Lodzinski, 47, a Port St. Lucie, Fla., resident, was arrested about 6 p.m. Wednesday in Jensen Beach, Fla., after a Middlesex County grand jury handed up a one-count indictment charging her with murder. The indictment was made public only after Lodzinski was arrested and made aware of the charge. Bail has been set at $2 million by a state Superior Court judge in New Brunswick, N.J.
The one-page indictment unsealed Thursday doesn't mention the cause of death or specify what evidence led authorities to charge Lodzinski. The grand jury said she "did purposely or knowingly kill" Wiltsey or did "purposely or knowingly inflict serious bodily injury" resulting in his death.

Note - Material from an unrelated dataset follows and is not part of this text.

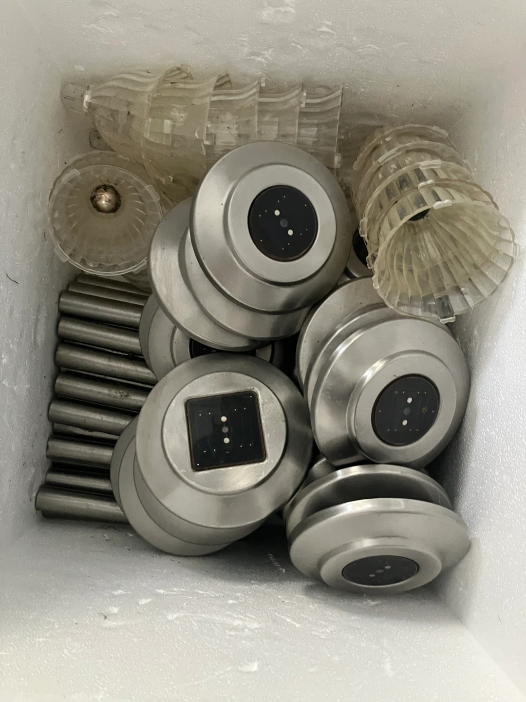 Here's a bundle of solar pathway lights. They're made of stainless steel with a silver finish. Each light has a solar panel on top to charge during the day. It's great for illuminating walkways or gardens at night!

Lodzinski made a 10-second video court appearance from jail Thursday, when a Martin County, Fla., judge ordered that she be held without bail. No mention was made about returning her to New Jersey. Lodzinski did not have an attorney for the court appearance.
Pat Marczak said she knew that at one point evidence was removed from Lodzinski's South Amboy home.
"I think it was a rug," said Marczak, a former South Amboy resident who lives in Matawan, adding that she and a friend had followed the case closely. She said that with current DNA tests, she thinks officials found something.
"It was always on the mind of the police in Sayreville, I know it," said Marczak, who had a gut feeling that Sayreville Police Chief John Zebrowski would pursue the case when he became the borough's top cop.
Zampella said she hopes Timothy's soul finally can rest in peace.
"His life was cut short too soon and he was dumped in a wasteland and God is merciful," Zampella said. "He took care of that little boy and we're just glad it's finally come to some sort of a resolution and there is closure to it."